Los indignados permanecieron acampados un mes en la plaza madrileña, desde donde invocaron el derecho a la resistencia y la desobediencia civil, como cursos de acción a tomarse, y lanzaron al mundo una serie de consignas contestatarias.
El movimiento de los indignados —que se denominó Movimiento 15 de Mayo (15-M), por la fecha de su nacimiento— despertó simpatía dentro y fuera de España y tuvo ecos inmediatos en otros países europeos, asiáticos y latinoamericanos.
Un mes después —el 19 de junio— los indignados volvieron a las calles. Centenares de miles de ellos se manifestaron en sesenta y seis ciudades de España. En la Plaza de Neptuno en Madrid se reunieron 50 mil personas y alrededor de 100 mil en la Plaza de Cataluña en Barcelona. Cosa parecida ocurrió en Valencia, Bilbao, Granada, Málaga y otras ciudades españolas, con contagios menores en Francia, Portugal, Grecia, Alemania, Austria, Bélgica, Dinamarca, Eslovaquia, Holanda, Inglaterra, Italia, Irlanda, Islandia, Luxemburgo, Mónaco, Noruega, Polonia, República Checa, Rumania, Serbia, Suecia, Suiza, Turquía, Israel, Chile, Brasil, Rusia.
Pero el movimiento de los indignados no fue una rebelión, en el sentido propio de esta palabra, sino una movilización de masas que demandaba a los gobiernos determinados cambios imprecisamente señalados.
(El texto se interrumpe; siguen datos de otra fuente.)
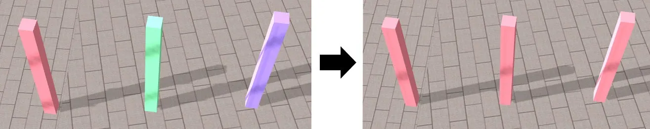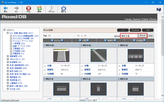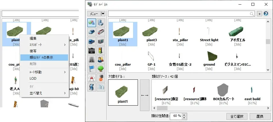 道路付属物で配置したモデル、標識、樹木、マーキングについて、後から配置物を入れ替えることが可能です。メニュー「編集」-「道路付属物」の一覧表の画面で変更したい配置物を選択して「モデルの変更」をクリックします。配置したいモデルまたは樹木等を選択して「確定」すると、入れ替わります。複数選択しての一括変更も可能です。また、配置物を選択して「編集」画面で配置物を変更することもできます。
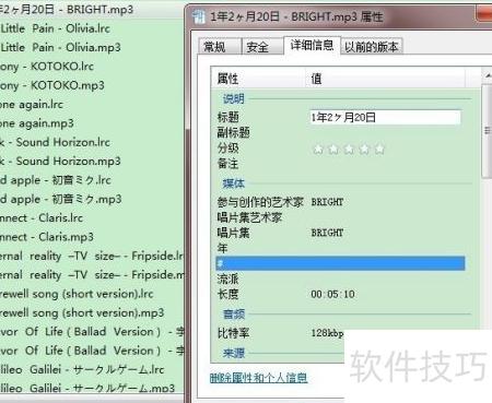 4、 右键点击歌曲,选择属性中的详细信息,即可修改歌手名和歌曲名。
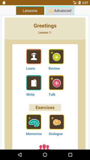 6 learning modules: Study, Write, Listen, Speak, Understand, Dialog
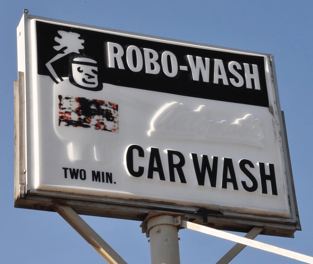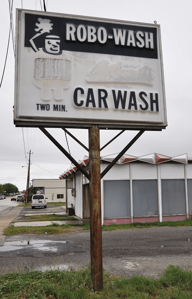 What I believe were the last two Robo-Wash signs are gone now. I believe their robots that went around the oval tracks and washed your car are also gone. But their buildings with the red and white diamond plastic panels remain. Del Rio, TX:
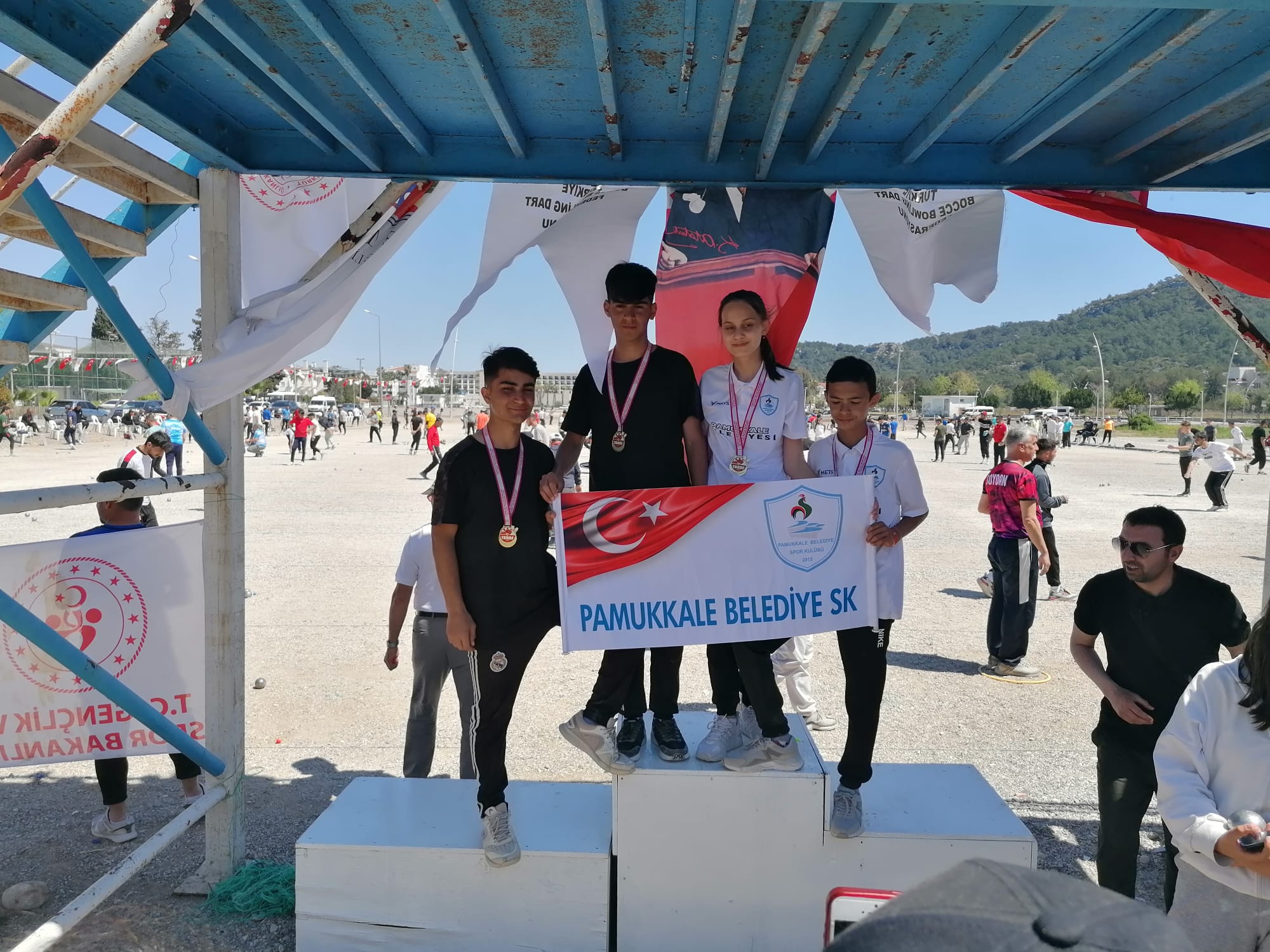Pamukkale Belediyespor madalyalar kazanmaya devam ediyor. Türkiye Bocce, Bowling ve Dart Federasyonu faaliyet programında bulunan Bocce-Petank Türkiye Şampiyonası 12-16 Nisan tarihleri arasında yaklaşık 2000 sporcunun katılımıyla Antalya’da gerçekleşti. Pamukkale Belediyespor katıldığı 6 kategoride 8’i Altın olmak üzere toplam 12 madalya kazandı. Bocce-Petank Türkiye Şampiyonası; minikler, küçükler, yıldızlar, gençler ve büyükler kategorilerinde gerçekleşti. Küçük tekler kategorisinde Pamukkale Belediyesporlu sporculardan Okan Koç Türkiye birincisi olurken, Saffet Erdoğan ise üçüncü oldu. Küçük takımlar kategorisinde ise Umut Elbastım, Saffet Erdoğan ve Okan Koç’tan oluşan takım küçük erkeklerde altın madalya kazanırken, Melisa Kalınbaldır, Şükran Yeşil, Eylül Cengiz’den oluşan takımımız Türkiye üçüncüsü olmayı başardı. Yıldızlar Altın Nokta kategorisinde mavi-beyazlı takım için mücadele eden Ziya Yılmaz Türkiye birincisi olarak, altın madalya kazandı. Yıldız-Genç takımlar kategorisinde Merve Karakaya ve Ziya Yılmaz takımı altın madalyanın sahibi oldu. Tek Erkekler müsabakalarına katılan 241 sporcu arasında şampiyonluğu göğüsleyen Pamukkale Belediye Spor kulübünü milli sporcusu Serdar Kılınç Türkiye'nin yeni 1 numarası oldu.

El movimiento tuvo después réplicas en muchas otras ciudades del mundo —Nueva York, Washington, Atlanta, Los Ángeles, Buenos Aires, Ciudad de México, Guatemala, Montevideo, Roma, Lisboa, Bruselas, Hong Kong, Taiwán, Atenas, Tokio, Berlín, Londres y otras más— donde se clamó por “cambio” global” y “democracia real” y se gritó contra los políticos, los banqueros, los grupos de poder económico, las corporaciones transnacionales y los empresarios de Wall Street.